Sementara itu, Direktur PT Salsa Lakeba Permai, Safei Kahar, mengakui bahwa pemanfaatan ruang laut yang direncanakan saat ini masih dalam proses pengurusan izin di Kementerian Kelautan dan Perikanan (KKP).
“Saat ini izin pemanfaatan ruang laut sedang kami urus. Dari pihak balai menyarankan agar dilakukan sosialisasi kepada nelayan, makanya hari ini kami laksanakan,” ungkap mantan Bupati Buton tersebut.
Safei juga menegaskan bahwa rencana pembangunan Talud dan fasilitas wisata terapung tidak akan mengganggu aktivitas nelayan.
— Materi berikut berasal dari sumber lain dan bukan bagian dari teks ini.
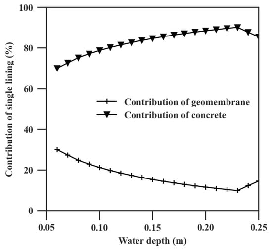 where Cg is the contribution of geomembrane to the reduction in seepage; Cc is the contribution of concrete to the reduction in seepage; ΔSg is the seepage reduced by the geomembrane lining alone (m3/(m·h); and ΔSc is the seepage reduced by the concrete lining alone (m3/(m·h)).

Ia menyebut area laut yang akan dimanfaatkan sekitar 2.000 meter persegi dan berjarak kurang lebih 24 meter dari bibir pantai.
“Area yang digunakan tidak mengganggu nelayan, karena jalur memancing dan aktivitas nelayan masih cukup jauh,” ujarnya.
![]() |
| Rancangan Pembangunan |
Diketahui, PT Salsa Lakeba Permai berencana membangun sejumlah fasilitas wisata tambahan, antara lain pemecah gelombang atau talud (breakwater), vila terapung, restoran terapung, kolam laut, serta jembatan penghubung dan sesuai perencanaan yang sudah dibuat akan memakai 0.21 Ha Ruang Laut atau sekitar 2.000 meter persegi.
![]() |
| 0,21 ha Areal Pemanfaatan Ruang Laut |
Namun, berdasarkan catatan sebelumnya, pada Senin (3/2/2025), Dinas PUPR Kota Baubau bersama Kementerian Kelautan dan Perikanan (KKP), Dinas Perikanan, pihak kecamatan, serta kelurahan setempat telah melakukan inspeksi mendadak (sidak) di lokasi tersebut. Dalam sidak itu ditemukan adanya bangunan yang diduga telah menggunakan ruang laut atau wilayah pesisir tanpa izin.
Saat itu, seluruh pihak yang hadir sepakat agar bangunan yang melanggar, termasuk jembatan kayu yang telah dibangun, segera dibongkar. Namun hingga kini, kesepakatan pembongkaran tersebut belum juga direalisasikan.